§ STORED DATA
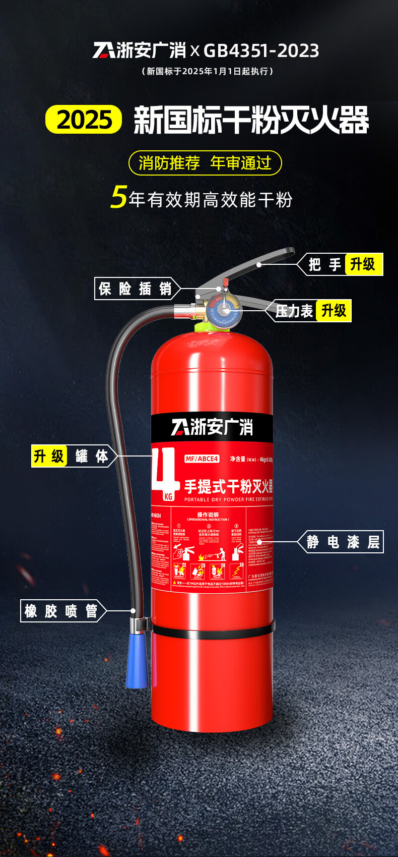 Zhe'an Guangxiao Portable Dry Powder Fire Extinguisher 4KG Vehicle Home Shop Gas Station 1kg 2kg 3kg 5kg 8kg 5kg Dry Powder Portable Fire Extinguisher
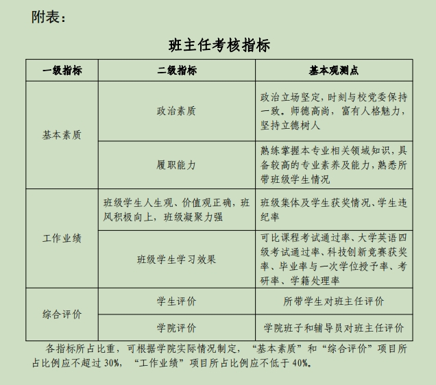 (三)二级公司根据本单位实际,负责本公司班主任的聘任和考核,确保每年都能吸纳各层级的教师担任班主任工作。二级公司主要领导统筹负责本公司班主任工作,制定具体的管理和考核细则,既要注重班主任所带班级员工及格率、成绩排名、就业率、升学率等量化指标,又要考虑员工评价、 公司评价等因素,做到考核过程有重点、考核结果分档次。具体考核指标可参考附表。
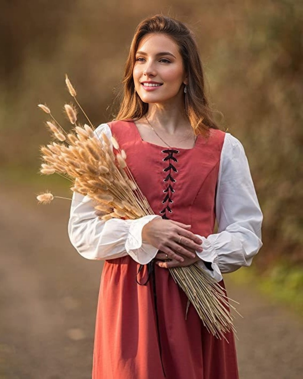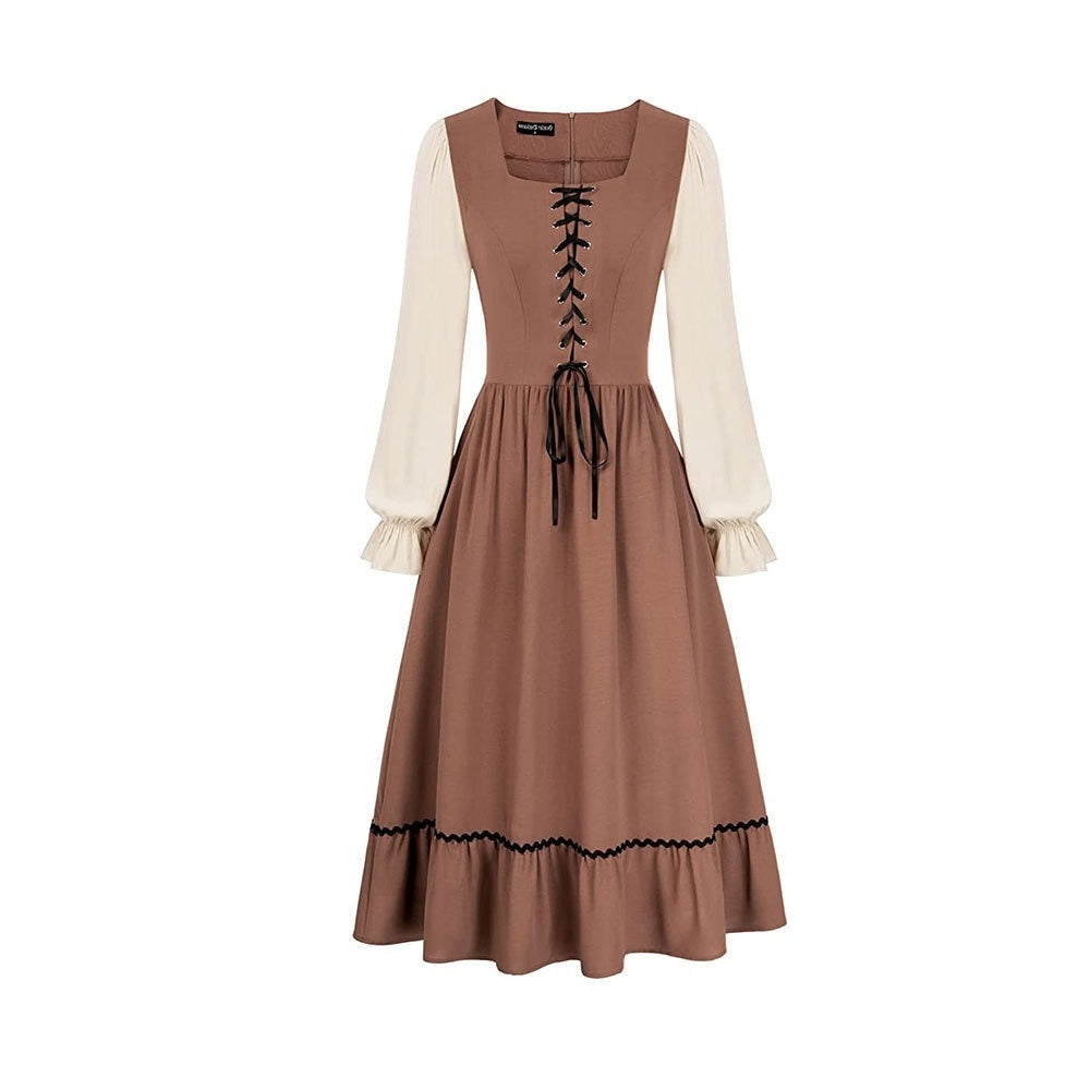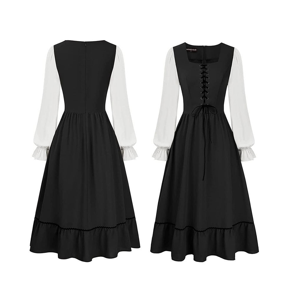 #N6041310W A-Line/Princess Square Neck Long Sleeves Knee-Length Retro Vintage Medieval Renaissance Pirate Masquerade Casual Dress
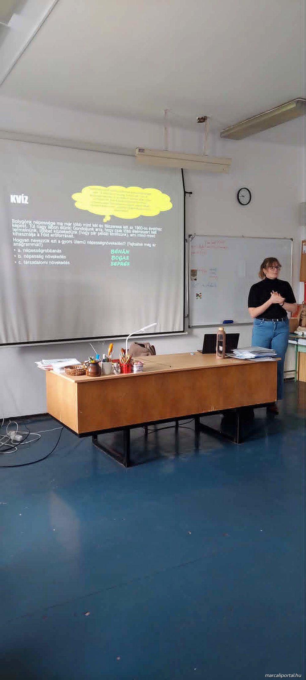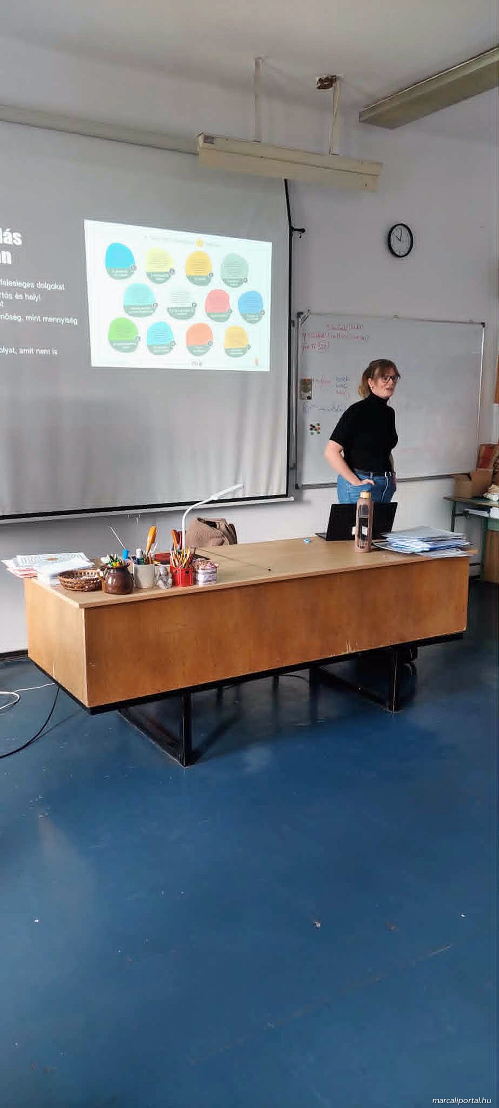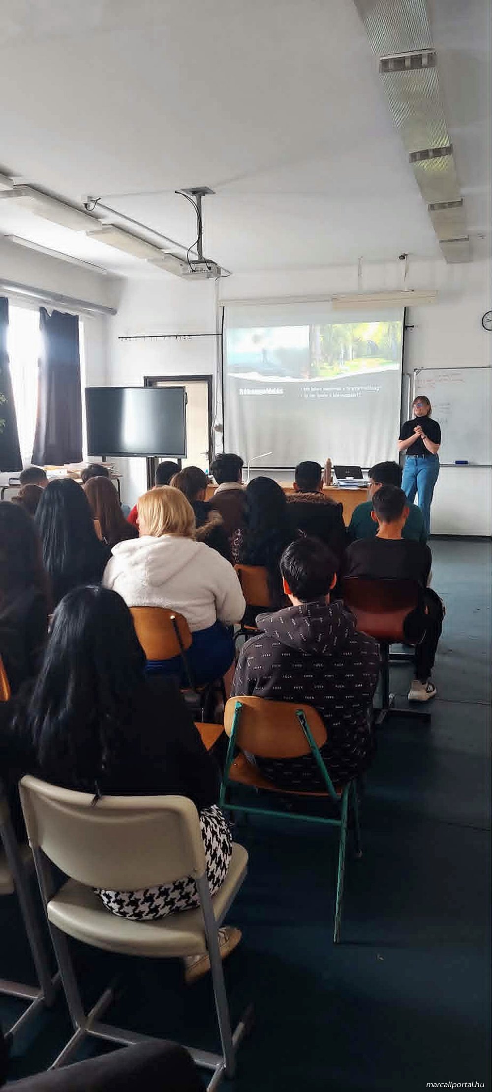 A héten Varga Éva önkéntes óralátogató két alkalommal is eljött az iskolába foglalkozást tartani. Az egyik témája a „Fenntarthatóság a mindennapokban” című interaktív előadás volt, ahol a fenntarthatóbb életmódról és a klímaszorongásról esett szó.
---
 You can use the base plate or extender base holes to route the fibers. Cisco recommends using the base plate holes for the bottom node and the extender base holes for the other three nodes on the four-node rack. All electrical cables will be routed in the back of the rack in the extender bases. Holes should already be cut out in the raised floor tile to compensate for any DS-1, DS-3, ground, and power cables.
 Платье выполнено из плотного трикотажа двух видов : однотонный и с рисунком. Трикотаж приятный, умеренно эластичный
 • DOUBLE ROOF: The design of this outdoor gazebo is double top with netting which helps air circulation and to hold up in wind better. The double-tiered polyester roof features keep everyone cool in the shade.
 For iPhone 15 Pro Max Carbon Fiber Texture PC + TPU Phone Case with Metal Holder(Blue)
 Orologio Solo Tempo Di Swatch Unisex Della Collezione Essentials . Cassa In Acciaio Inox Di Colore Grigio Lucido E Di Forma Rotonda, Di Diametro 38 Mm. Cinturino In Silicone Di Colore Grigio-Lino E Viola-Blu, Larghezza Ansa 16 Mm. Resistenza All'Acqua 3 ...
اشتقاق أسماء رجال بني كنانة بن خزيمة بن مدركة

§ DIRECTIONS FOR THIS TASK
Using the material above, reproduce only the lines that run from the line with "(三)二级公司根据本单位实际" up to and including the line with "A héten Varga", exactly, with the pictures dropped.

§ FINAL ANSWER
 (三)二级公司根据本单位实际,负责本公司班主任的聘任和考核,确保每年都能吸纳各层级的教师担任班主任工作。二级公司主要领导统筹负责本公司班主任工作,制定具体的管理和考核细则,既要注重班主任所带班级员工及格率、成绩排名、就业率、升学率等量化指标,又要考虑员工评价、 公司评价等因素,做到考核过程有重点、考核结果分档次。具体考核指标可参考附表。
 #N6041310W A-Line/Princess Square Neck Long Sleeves Knee-Length Retro Vintage Medieval Renaissance Pirate Masquerade Casual Dress
 A héten Varga Éva önkéntes óralátogató két alkalommal is eljött az iskolába foglalkozást tartani. Az egyik témája a „Fenntarthatóság a mindennapokban” című interaktív előadás volt, ahol a fenntarthatóbb életmódról és a klímaszorongásról esett szó.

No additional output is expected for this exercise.